A HGNet (High Performance GPU Net) image classification model. Trained on ImageNet-1k by model authors.

Model Details

  • Model Type: Image classification / feature backbone
  • Model Stats:
    • Params (M): 24.4
    • GMACs: 8.5
    • Activations (M): 8.8
    • Image size: train = 224 x 224, test = 288 x 288
  • Dataset: ImageNet-1k
  • Papers:
    • Model paper unknown: TBD
    • Beyond Self-Supervision: A Simple Yet Effective Network Distillation Alternative to Improve Backbones: https://arxiv.org/abs/2103.05959
  • Original: https://github.com/PaddlePaddle/PaddleClas

Model Usage

Image Classification

from urllib.request import urlopen
from PIL import Image
import timm

img = Image.open(urlopen(
    'https://huggingface.co/datasets/huggingface/documentation-images/resolve/main/beignets-task-guide.png'
))

model = timm.create_model('hgnet_small.paddle_in1k', pretrained=True)
model = model.eval()

# get model specific transforms (normalization, resize)
data_config = timm.data.resolve_model_data_config(model)
transforms = timm.data.create_transform(**data_config, is_training=False)

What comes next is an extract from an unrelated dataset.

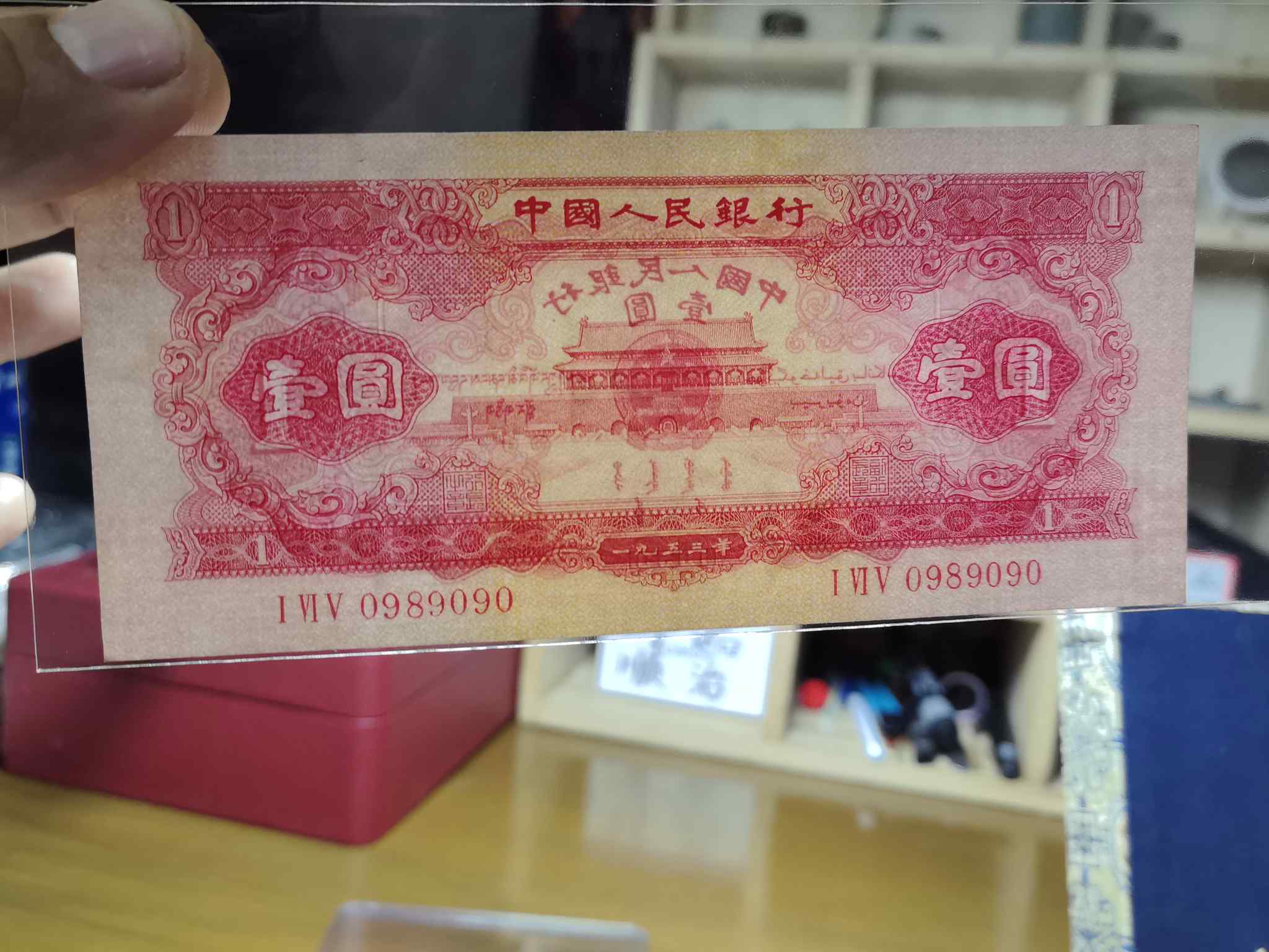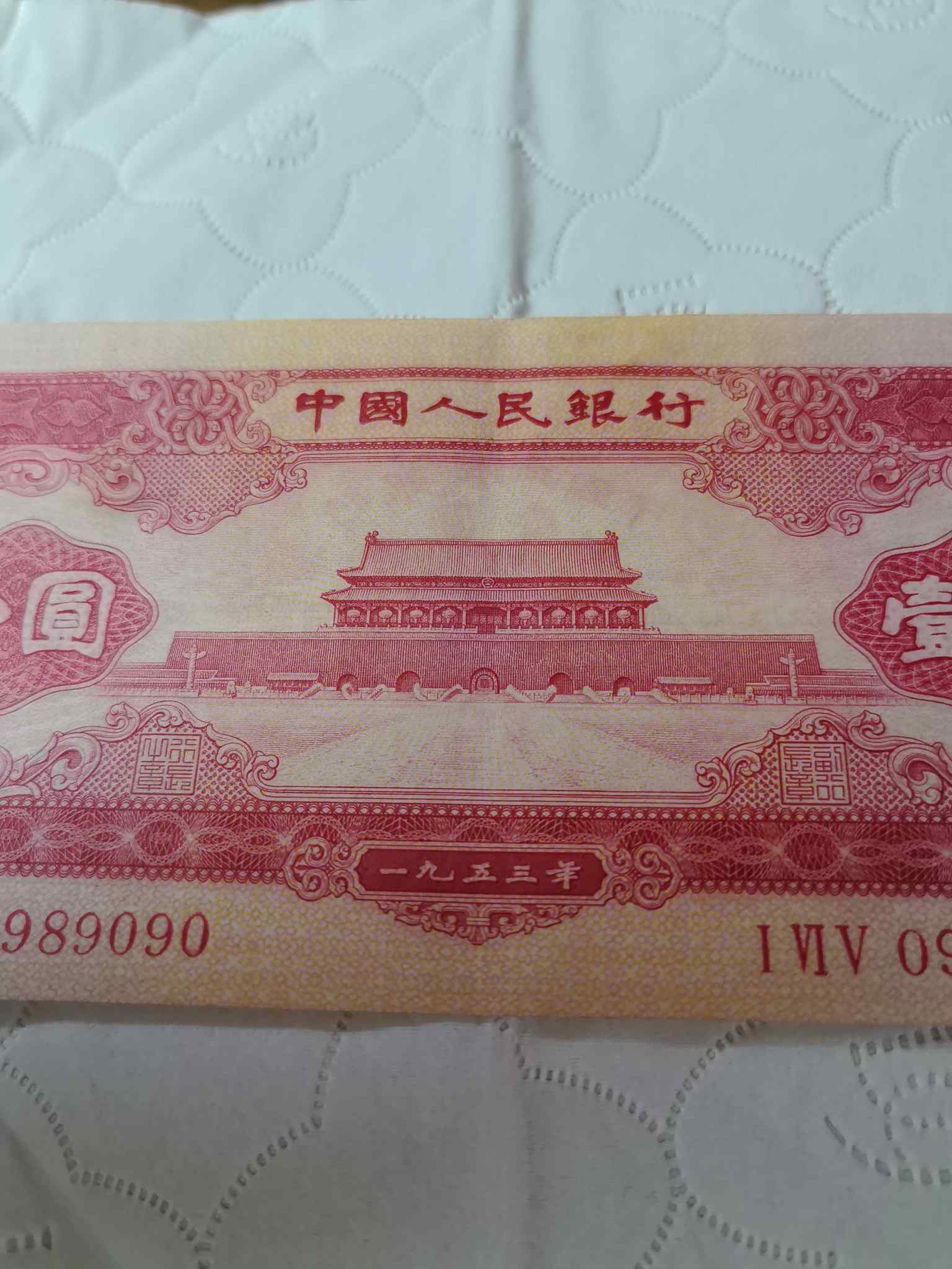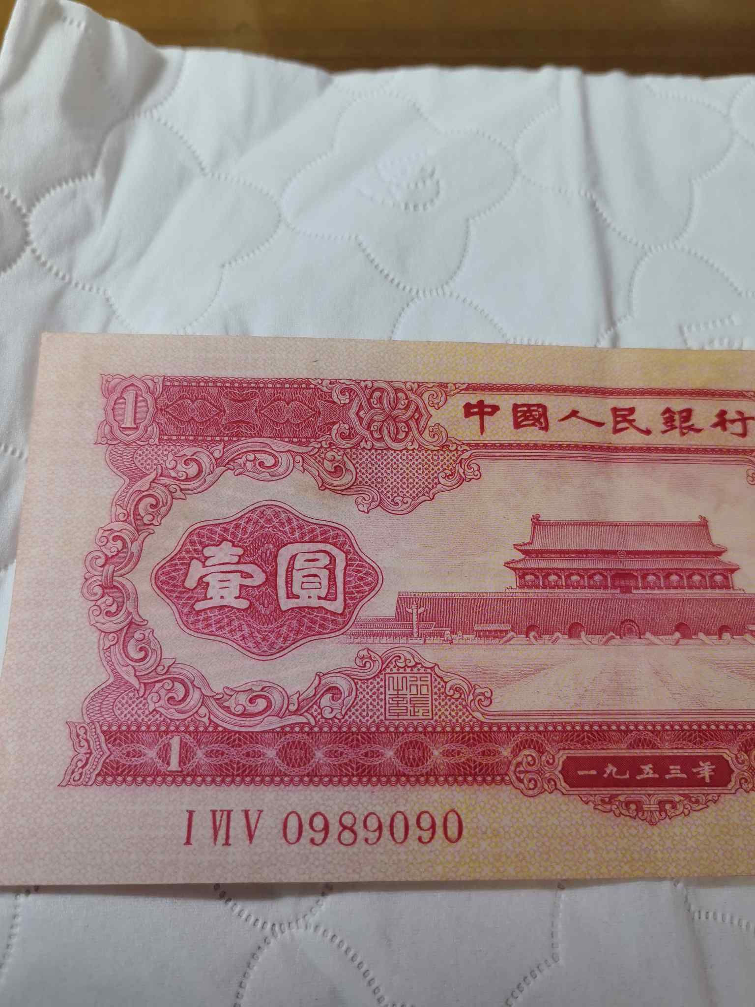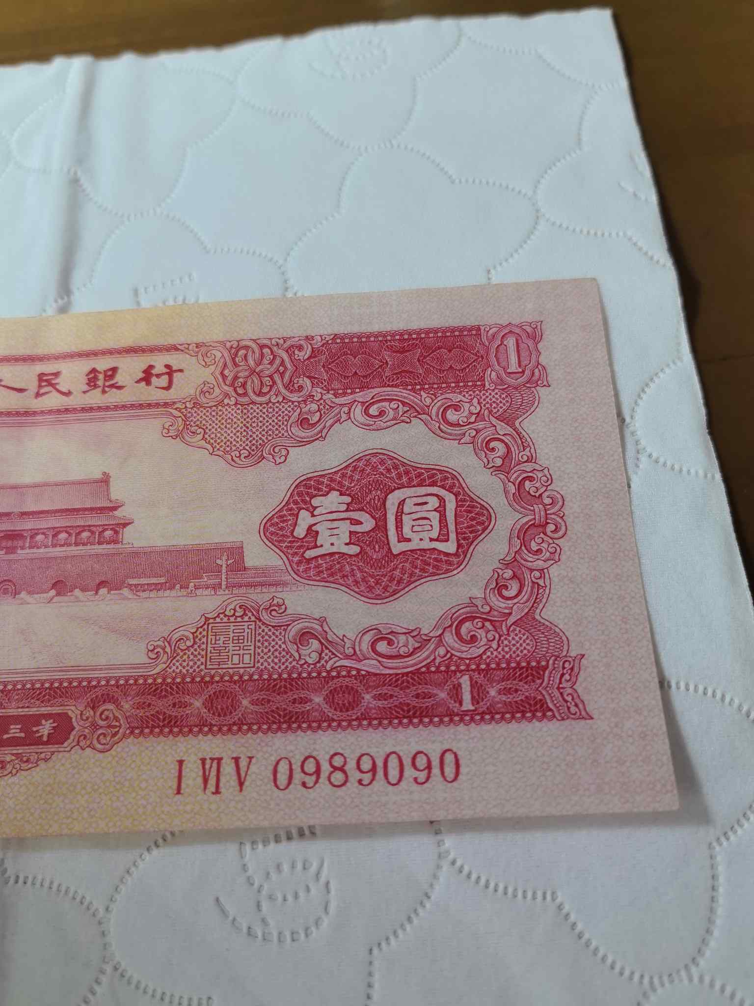 → 出手无死折,轻微软折原票红一元倒置号0989090倒置圆圆号一张,6000元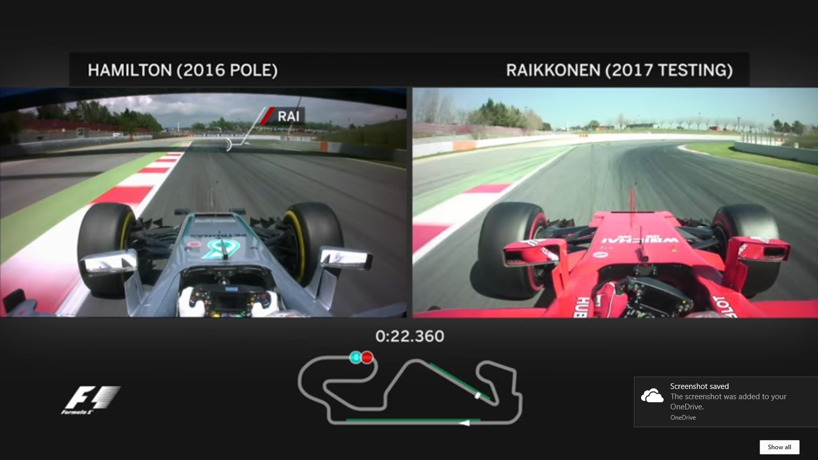 And it’s not as if the two drivers here vary greatly in skill. On the left hand side is Hamilton racing for Mercedes Petronas while the right side features Kimi Raikkonen in the 2017 Ferrari. You can see them racing around Circuit de Catalunya in Barcelona, the track that played host to F1 testing last week. Whereas Hamilton shows good pace, Raikkonen’s car is undoubtedly quicker — this is especially evident when you see the approach to a corner at the 00:28 second mark. Outright speed helped the Ferrari team to achieve big gains in lap times this year, allowing Raikkonen to set a lap record on the 10th of this month in Spain.

output = model(transforms(img).unsqueeze(0))  # unsqueeze single image into batch of 1

top5_probabilities, top5_class_indices = torch.topk(output.softmax(dim=1) * 100, k=5)

Feature Map Extraction

from urllib.request import urlopen
from PIL import Image
import timm

img = Image.open(urlopen(
    'https://huggingface.co/datasets/huggingface/documentation-images/resolve/main/beignets-task-guide.png'
))

model = timm.create_model(
    'hgnet_small.paddle_in1k',
    pretrained=True,
    features_only=True,
)
model = model.eval()

# get model specific transforms (normalization, resize)
data_config = timm.data.resolve_model_data_config(model)
transforms = timm.data.create_transform(**data_config, is_training=False)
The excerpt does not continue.